では次に、同僚や部下の異変に気づいたら、どうしたらいいのでしょうか? なんと声をかけたらいいのか難しいなと思われる方も多いかもしれません。「大丈夫だよ」と声かけると逆効果になってしまうこともあるかと思うと、相手の不調に気づいていても気安く声掛けが難しいなと感じても仕方がないことでしょう。ここではどう声掛けをしていくと良いか考えていきましょう。

まずは、「話す機会」を作りましょう。自分が上司だとしたら定期的な1on1面談を持つのも一つの対策になるでしょう。同僚の場合はどうでしょうか。「最近どう?」などの軽い声掛けをしてみるところから始めてみるといいでしょう。相手の様子によっては、ランチや飲みに誘うこともできるかもしれません。

話す機会を作れたら、まずは聴くことに徹しましょう。相手が話したいことを話せる空気を作るようにし、頷きやあいづちを多くして、しっかりと話したいことを話してもらいましょう。途中で話を奪わず、アドバイスは控えて、吐き出してもらうことが大切です。
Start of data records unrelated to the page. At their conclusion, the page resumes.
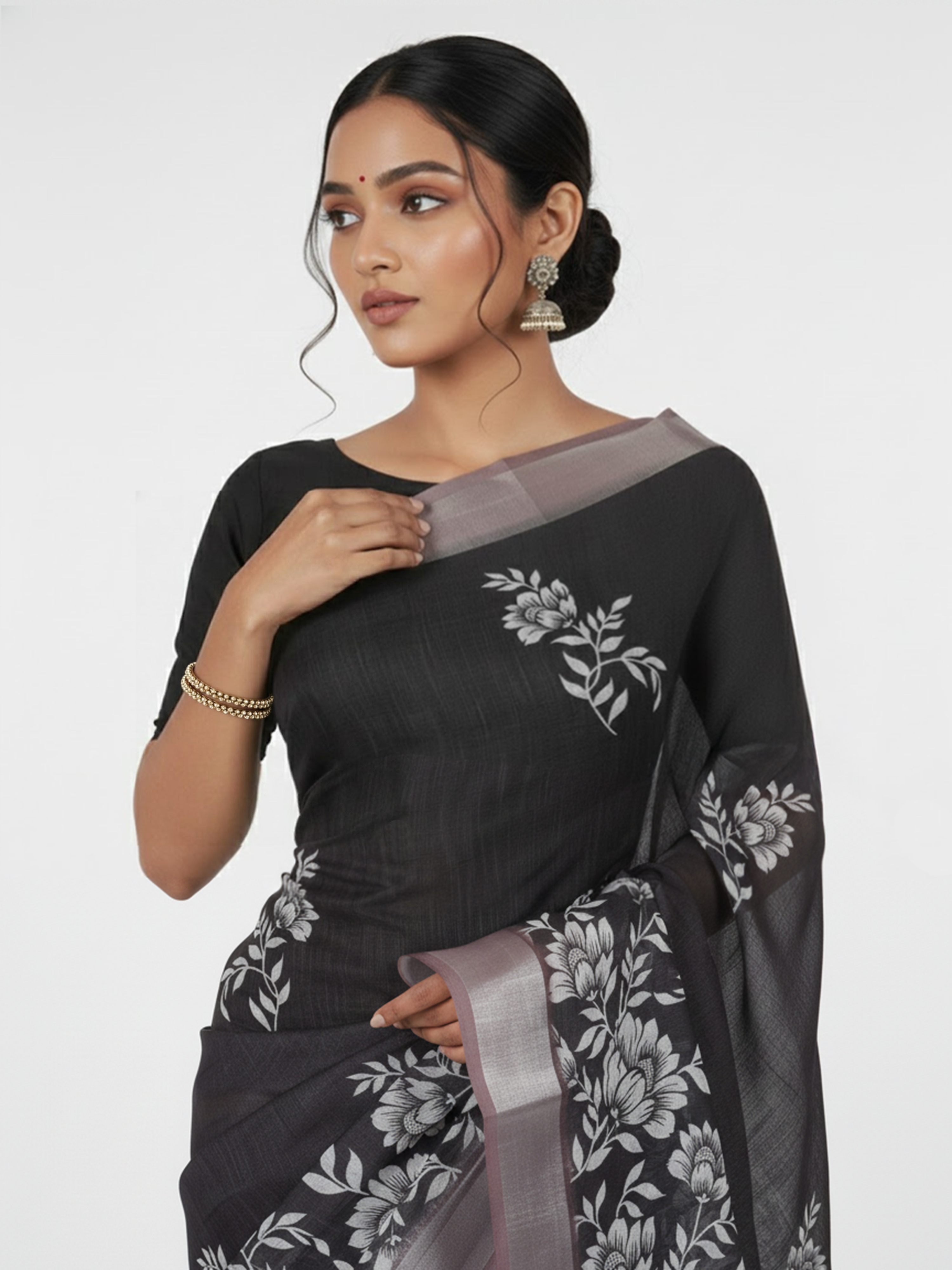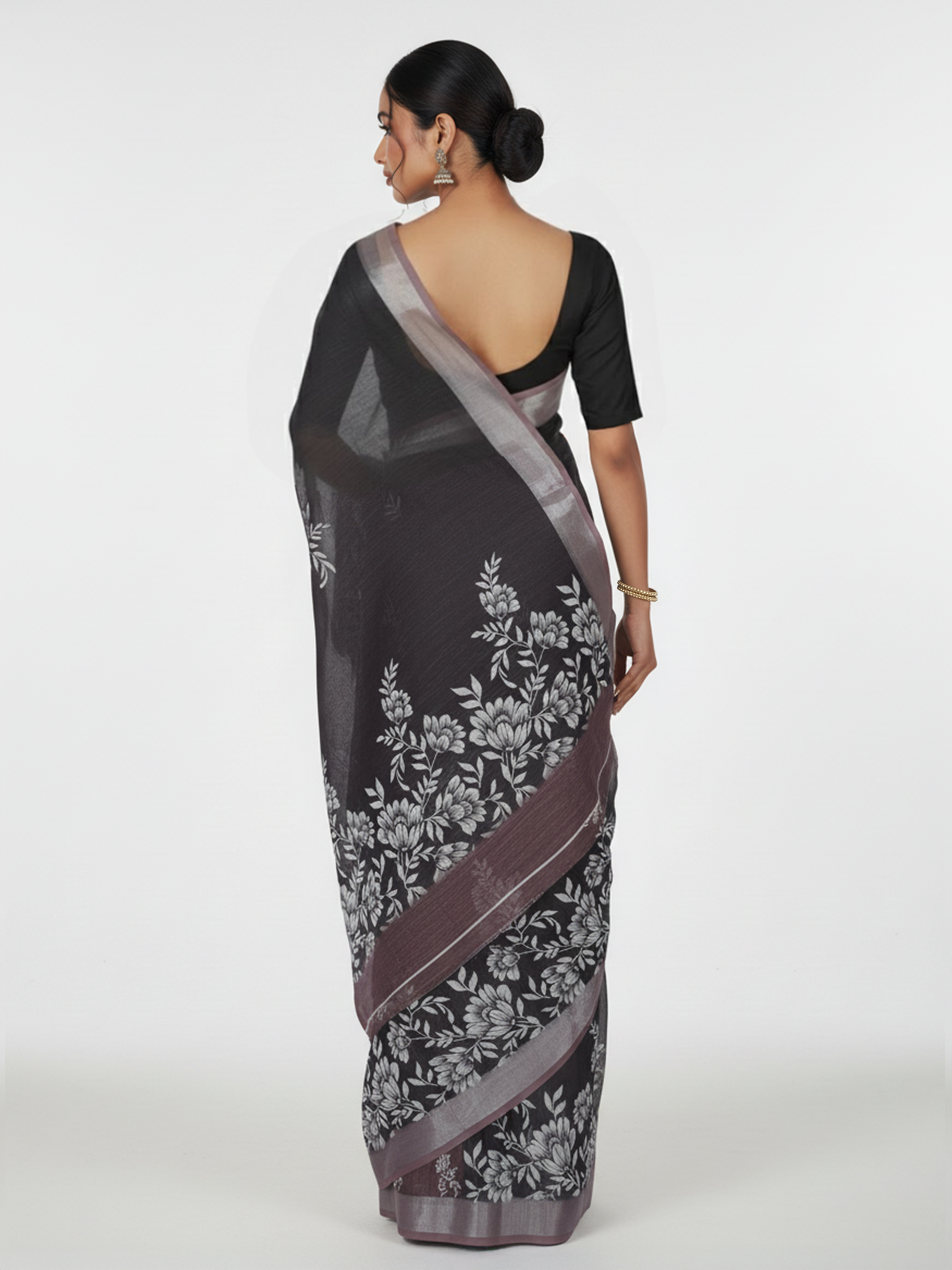 Stylish semi linen saree in black and light brown with printed design and silver Bavanji border.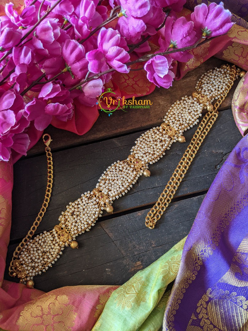 Pearl Lakshmi Hipbelt - This is a Premium Quality gold look alike Hipbelt. This has an array of very intricate pearl embellishments. Lakshmi is used inbetween the strands to make it look beautiful.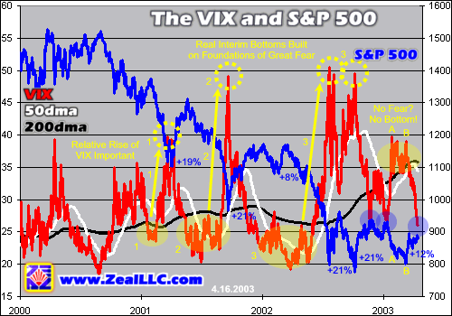 If you contrast this with the first major V-bounce of this Great Bear which happened in April 2001 (marked as VIX spike “1” above), it presents some problems. In April 2001 a VIX level of 40 marked a major bottom, but in January 2003 the exact same VIX 40 level didn’t witness anywhere near enough fear to mark a major bottom since a lower low followed within six weeks or so. So is VIX 40 low or high now, a time to throw long or a time to stay short?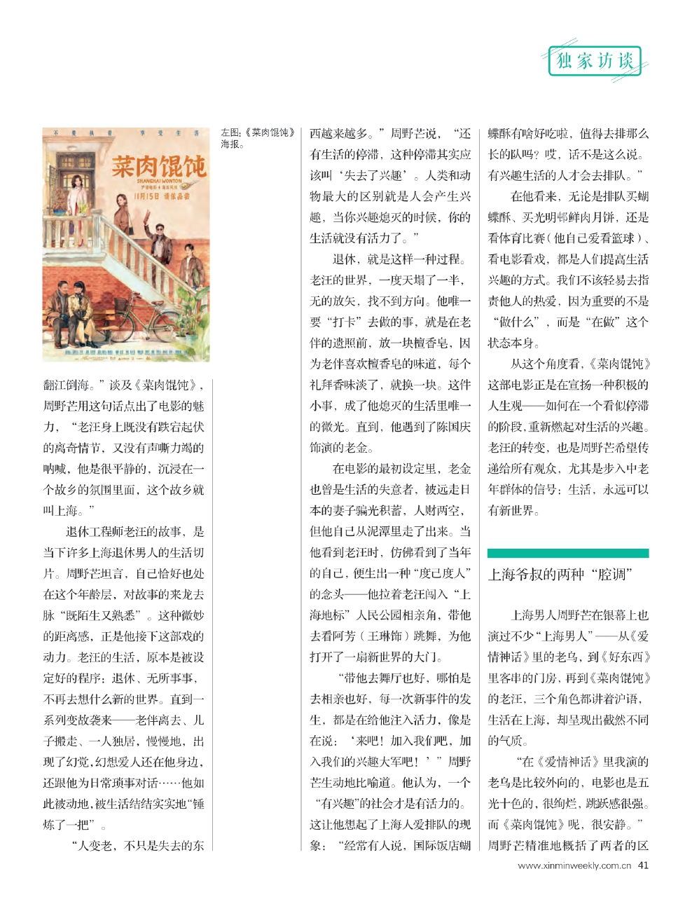 “看似平静如水,里面却是翻江倒海。”谈及《菜肉馄饨》,周野芒用这句话点出了电影的魅力,“老汪身上既没有跌宕起伏的离奇情节,又没有声嘶力竭的呐喊,他是很平静的,沉浸在一个故乡的氛围里面,这个故乡就叫上海。”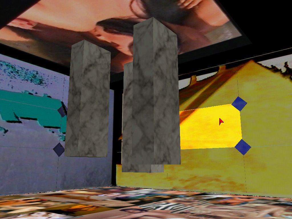 VideoSpace was created on the basis of three projects: Javornik (2001), R III (2002) and VSA (2003). These are autonomous artistic projects (that have been exhibited also separately), which should be conceived through the viewpoint of video-integrated media and conceptual art. Each of the three projects and of course their relationships (alliance) in VideoSpace are realised through multiple artistic media: as video tape, video installation and web site, in some cases also as an interactive CD-ROM (Javornik), traditional paintings acrylic on canvas (R III) and corporate identity (VSA). VideoSpace is realized on different levels, too: first as a conceptual diagram, than as an interactive CD-ROM with a virtual three-dimensional hyperspace and as a reduction of the CD-ROM version into the language of VRML three-dimensional net reality.

しっかり話を聴くことができたら、次に「共感」や「承認」します。例えば、「仕事は今そんな状況だったんだね。知らなかったよ。そんな大変な中、ずっと頑張ってたんだね」とか、「それは悩んでしまうね。しんどいんだね」など。相手の立場に立って、相手が感じている感情を代わりに口にしてみるようにしましょう。たとえ相手の感情と合っていなくても、相手は気にしてくれていることが嬉しく感じると思います。伝えてみることが大切です。
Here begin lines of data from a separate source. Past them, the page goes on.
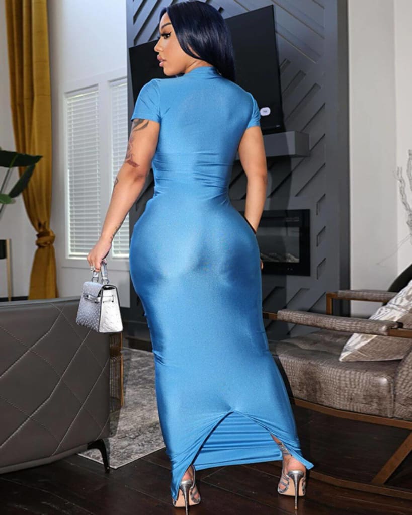 Our dress is a versatile piece that can be dressed up or down to fit any occasion. Whether it’s a fun day out with the girls or a night out on the town, our Short Sleeve Solid Bodycon O-Neck Midi Dress is guaranteed to make you feel and look like a star.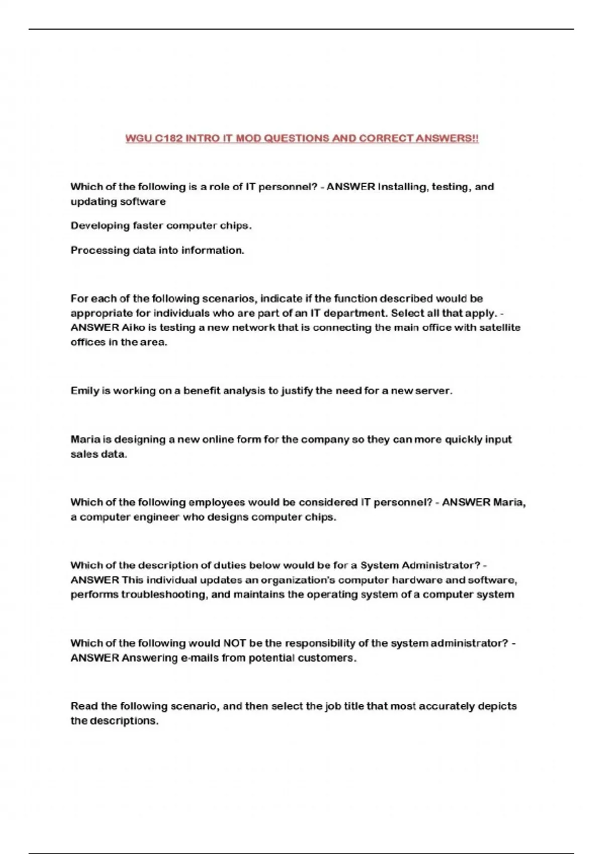 WGU C182 PACKAGED EXAMS!!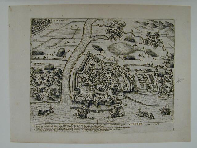Kaart van Oostende en omgeving, tijdens de belegering door Albertus van Oostenrijk, 1601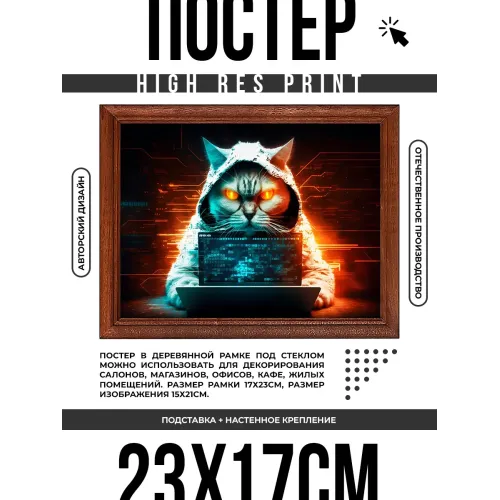 Постер в рамке 22х17см Кот хакер POSG-0313
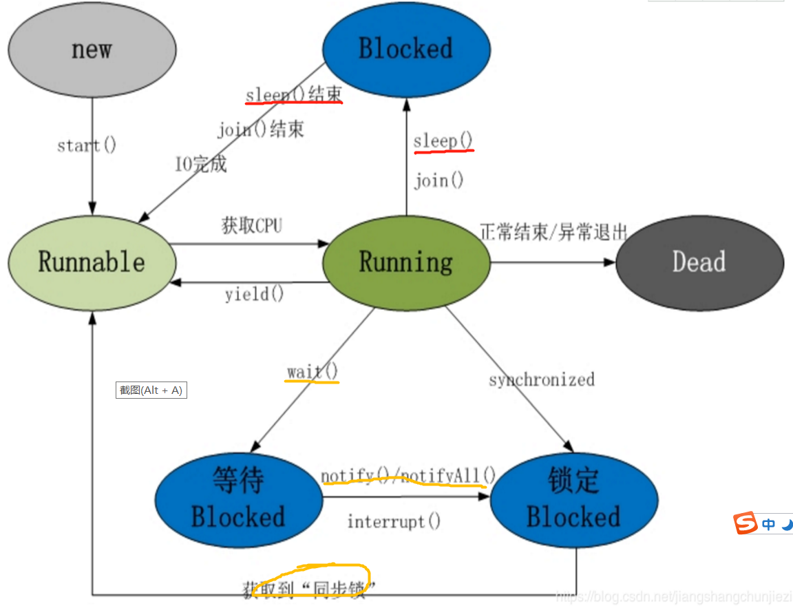 sleep()方法并不会释放锁标志,容易造成死锁情况。因此,一般情况下,不推荐用sleep(),而应用wait()

専門家につなぐことも意識しましょう。社内のEAP(従業員支援プログラム)や相談窓口、病院などを進めてみることも必要であれば伝えていきましょう。

世界メンタルヘルスデーJAPAN2025のテーマ

2025年の世界メンタルヘルスデーのテーマは「サービスへのアクセス:災害や緊急事態におけるメンタルヘルス」です。非常時においても誰もが適切な心のケアを受けられる社会の実現を目指しています。「どんな状況でも、誰も取り残さない」メンタルヘルス支援の在り方を問い直すものになっています。
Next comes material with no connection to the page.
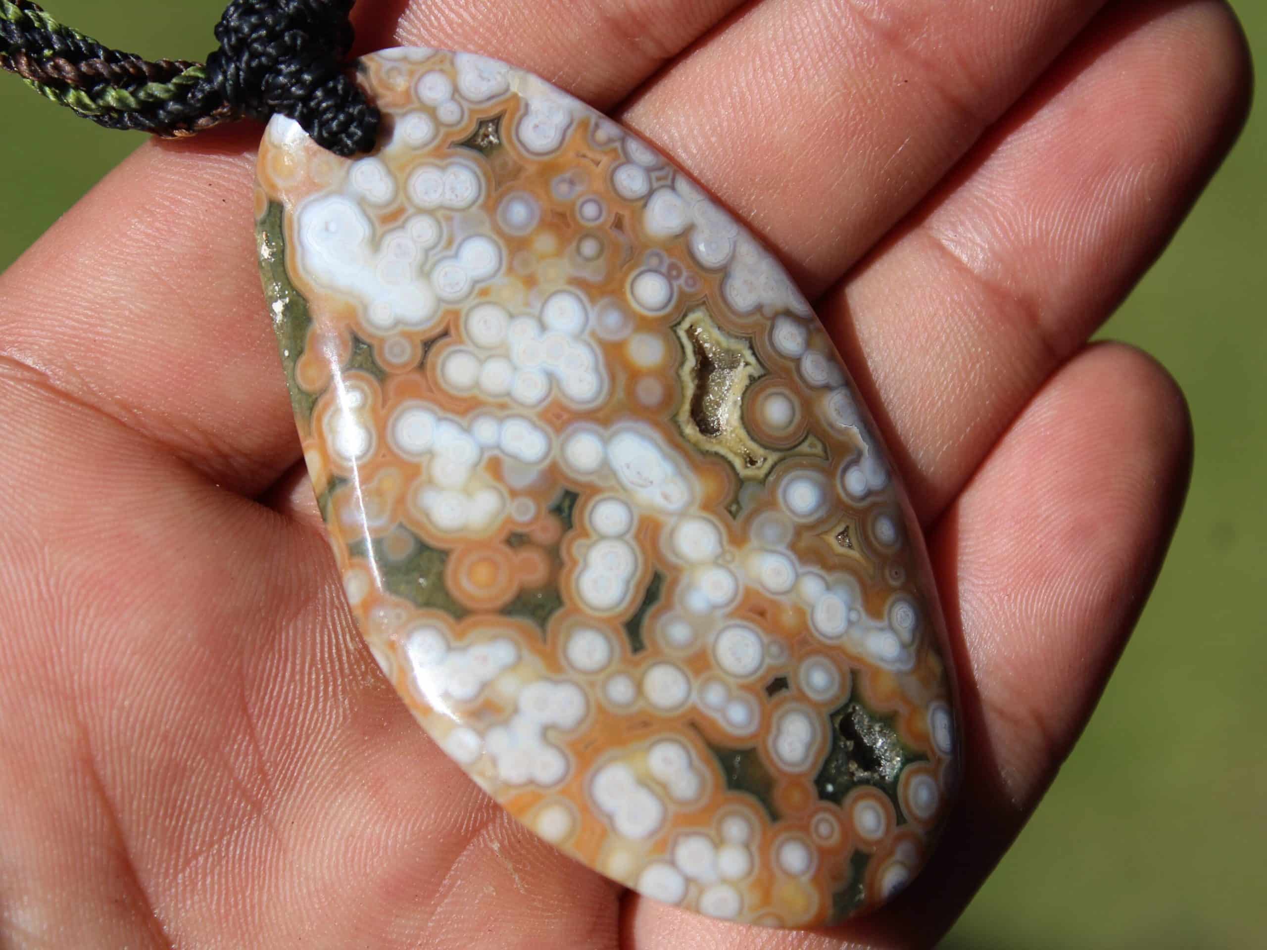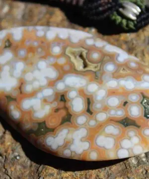 Jasper is a member of the Chalcedony family with a hardness of 6.5-7. Ocean Jasper cabochons take a great polish and wear well.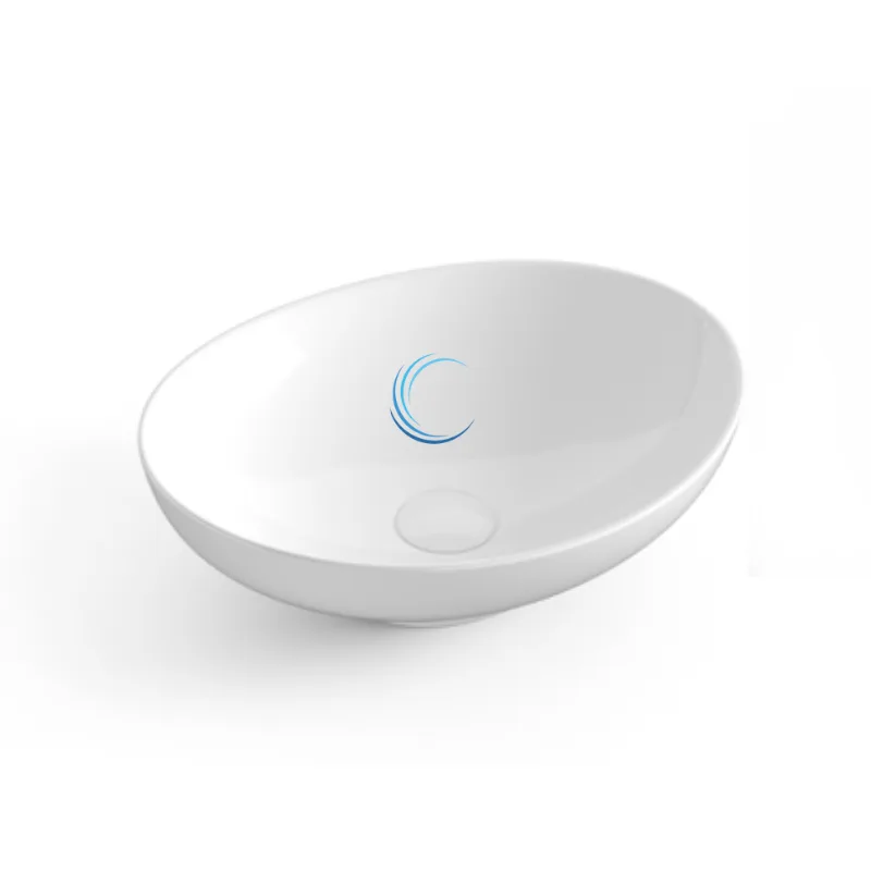 כיור חרס אובלי 9450 שפה דקה 40/33/14.5 ס"מ לבן מבריק

日本の今年のテーマは「つながる、どこでも、だれにでも」です。厚生労働省は「こころを支える輪を広げる」ことを目的に、自治体や企業と連携したイベントを展開しています。厚生労働省とNPO法人シルバーリボンジャパンが連携し、全国でライトアップイベントやワークショップを開催。東京タワーや京都タワーなどがシルバー&グリーンにライトアップされ、心の健康への関心を高める象徴的な取り組みが行われます。

管理職自身のセルフケアも忘れずに

部下のメンタルヘルスももちろん重要ですが、自分自身のメンタルケアも忘れないようにしていきましょう。上司である自分のメンタルを崩すと、チームにも多大な影響があるでしょう。10月10日の世界メンタルヘルスデーを機会に、自分自身の心が疲れすぎていないか、しんどく感じていることが解消されずに放置されていないか、立ち止まって考えてみると良いと思います。この機会に、職場の「こころの健康」について考え、行動を起こしてみませんか?